The phrase “environmental refugee” summons a compelling image of someone forced to relocate due to climate change. The phrase has been used effectively to raise awareness of such diverse problems as the rising sea levels that are submerging some Pacific islands, as well as the increased impact of natural disasters like hurricanes and earthquakes which cause a mixture of temporary and permanent migration. As climate change accelerates, and its human costs become ever clearer, it is completely appropriate and necessary to respond to these migrations, and a number of international initiatives are underway to do so.

As these initiatives go forward, however, it will be increasingly important to be careful and precise about the phrase “environmental refugee.” First, as a legal term, the phrase is dubious. It implicitly harnesses the language, norms, and protections of the United Nations Convention Relating to the Status of Refugees (Refugee Convention), which fits only a small subset of climate change migrants. Second, at a time when the Refugee Convention itself is under enormous strain, the phrase, with its expansive umbrella of applicability, is also problematic from a policy standpoint. Regional refugee instruments are often broader than the Refugee Convention itself, but the Convention is the particular focus of this Article.

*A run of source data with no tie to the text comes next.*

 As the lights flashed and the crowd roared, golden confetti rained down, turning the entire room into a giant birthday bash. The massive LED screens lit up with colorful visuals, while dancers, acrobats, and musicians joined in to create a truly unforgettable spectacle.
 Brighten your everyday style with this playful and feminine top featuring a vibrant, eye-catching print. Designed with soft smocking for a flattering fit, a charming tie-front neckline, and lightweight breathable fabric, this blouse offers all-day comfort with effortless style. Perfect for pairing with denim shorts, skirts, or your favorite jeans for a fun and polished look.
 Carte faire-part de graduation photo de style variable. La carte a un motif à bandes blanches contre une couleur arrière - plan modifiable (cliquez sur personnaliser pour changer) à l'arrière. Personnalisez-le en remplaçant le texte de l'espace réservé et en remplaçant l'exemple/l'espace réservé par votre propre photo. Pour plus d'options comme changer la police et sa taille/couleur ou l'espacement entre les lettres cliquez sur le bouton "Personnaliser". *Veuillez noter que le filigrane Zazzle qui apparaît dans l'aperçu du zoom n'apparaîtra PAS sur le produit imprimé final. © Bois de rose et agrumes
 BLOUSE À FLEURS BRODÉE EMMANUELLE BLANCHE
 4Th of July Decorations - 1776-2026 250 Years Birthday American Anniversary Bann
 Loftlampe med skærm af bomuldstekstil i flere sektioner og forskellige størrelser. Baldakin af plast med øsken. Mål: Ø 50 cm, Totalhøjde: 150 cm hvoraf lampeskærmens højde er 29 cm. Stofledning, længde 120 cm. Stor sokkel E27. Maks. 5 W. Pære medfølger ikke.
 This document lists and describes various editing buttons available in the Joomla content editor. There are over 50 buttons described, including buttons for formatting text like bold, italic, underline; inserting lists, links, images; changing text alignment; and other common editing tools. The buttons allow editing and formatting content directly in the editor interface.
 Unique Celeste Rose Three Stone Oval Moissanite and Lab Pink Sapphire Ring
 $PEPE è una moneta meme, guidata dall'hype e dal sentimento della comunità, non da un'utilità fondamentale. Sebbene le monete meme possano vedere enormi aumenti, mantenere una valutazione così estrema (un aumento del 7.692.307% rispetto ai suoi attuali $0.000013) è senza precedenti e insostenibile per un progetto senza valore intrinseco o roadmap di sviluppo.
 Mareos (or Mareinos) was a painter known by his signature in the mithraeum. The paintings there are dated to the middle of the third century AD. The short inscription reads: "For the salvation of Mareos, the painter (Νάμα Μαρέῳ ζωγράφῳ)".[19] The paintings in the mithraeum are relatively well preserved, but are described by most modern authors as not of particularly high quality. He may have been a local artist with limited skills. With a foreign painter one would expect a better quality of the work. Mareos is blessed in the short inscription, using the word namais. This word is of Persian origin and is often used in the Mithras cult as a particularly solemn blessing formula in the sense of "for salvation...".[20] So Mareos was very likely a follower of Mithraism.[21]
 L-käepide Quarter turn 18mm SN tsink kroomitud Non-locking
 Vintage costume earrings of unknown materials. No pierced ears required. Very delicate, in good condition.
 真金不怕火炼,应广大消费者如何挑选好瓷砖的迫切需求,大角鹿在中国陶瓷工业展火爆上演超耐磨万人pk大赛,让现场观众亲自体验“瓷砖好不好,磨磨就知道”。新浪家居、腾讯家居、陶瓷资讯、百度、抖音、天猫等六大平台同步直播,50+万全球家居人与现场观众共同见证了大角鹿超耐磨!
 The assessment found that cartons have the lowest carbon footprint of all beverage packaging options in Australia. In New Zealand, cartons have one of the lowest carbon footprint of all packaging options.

This Article begins with an assessment of the circumstances in which the word “refugee” is appropriate for climate change migrants and demonstrates that while the Convention can and will cover individuals in some limited settings, it will be utterly inadequate to protect the broader range of populations needing to migrate. Having established these limitations, the Article then considers the costs of using the word in other contexts. Those costs include the diversion of resources into the project of expanding the Convention, through the slow and arduous work of developing new precedents and understandings to protect climate change. There is also a great risk of weakening the international system’s support for the Convention itself as it stretches to address problems for which it was never designed. The Article ends with a justification for a complementary protection regime, and a brief examination of what such a regime might look like.

Elizabeth Keyes, Environmental Refugees? Rethinking What’s in a Name, 44 North Carolina Journal of International Law 461 (2019).